Another tempting (but ultimately unsuccessful) response available to Dilworth is to argue that the partially submerged stick example is an instance of a “mixed case”; one “in which several properties are simultaneously perceived, each of which would require its own separate experience versus belief consonance analysis.” The example that Dilworth provides is that of perceiving an object as being a certain colour (with one sensory modality) and perceiving it as having a certain shape (with another sensory modality). Regarding such mixed cases Dilworth maintains there cannot be any conflict:
Now arguably mixed cases of simultaneous perception of different properties would always be cases involving properties falling under different determinable, since one could not simultaneously perceive an object both to have determinate colour F1 and also to have a distinct determinate colour F2.
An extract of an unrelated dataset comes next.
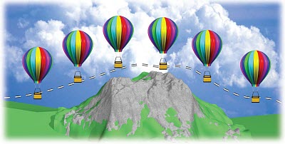The diagram below shows a hot-air balloon following a path across some mountains. The desired path is the Setpoint. The balloon pilot turns the burner ON and OFF alternately, which is his Control Output. The large mass of air in the balloon effectively averages the effect of the burner, converting the bursts of heat into a continuous effect: slowly hanging balloon temperature and ultimately the altitude, which is the Process Variable.

The above observations may be perfectly correct as far as they go, but they fail to address the issue at hand. Recall, the objection with which this post is concerned is not directed against the notion of experience/belief consonance per se (to which I am sympathetic), but against the conjunction of the claims that (a) it is logically impossible to have two conflicting dispositions and (b) that being disposed to engage in classification behaviour is a necessary condition for perceiving that X is F. Dilworth fails to consider cases in which different sensory modalities present an agent with conflicting information with respect to the same property. The partially submerged stick example is one such case; an instance in which both the visual and tactile sensory modalities provide information about an object’s shape. Thus, unlike the mixed cases that he considers, the partially submerged stick example appears to be a genuine instance in which Dilworth is forced to either (a) acknowledge that an agent may be simultaneously disposed to engage in conflicting classification behaviours or (b) give up on the idea that being disposed to engage in the classification behaviour is a necessary condition for perception.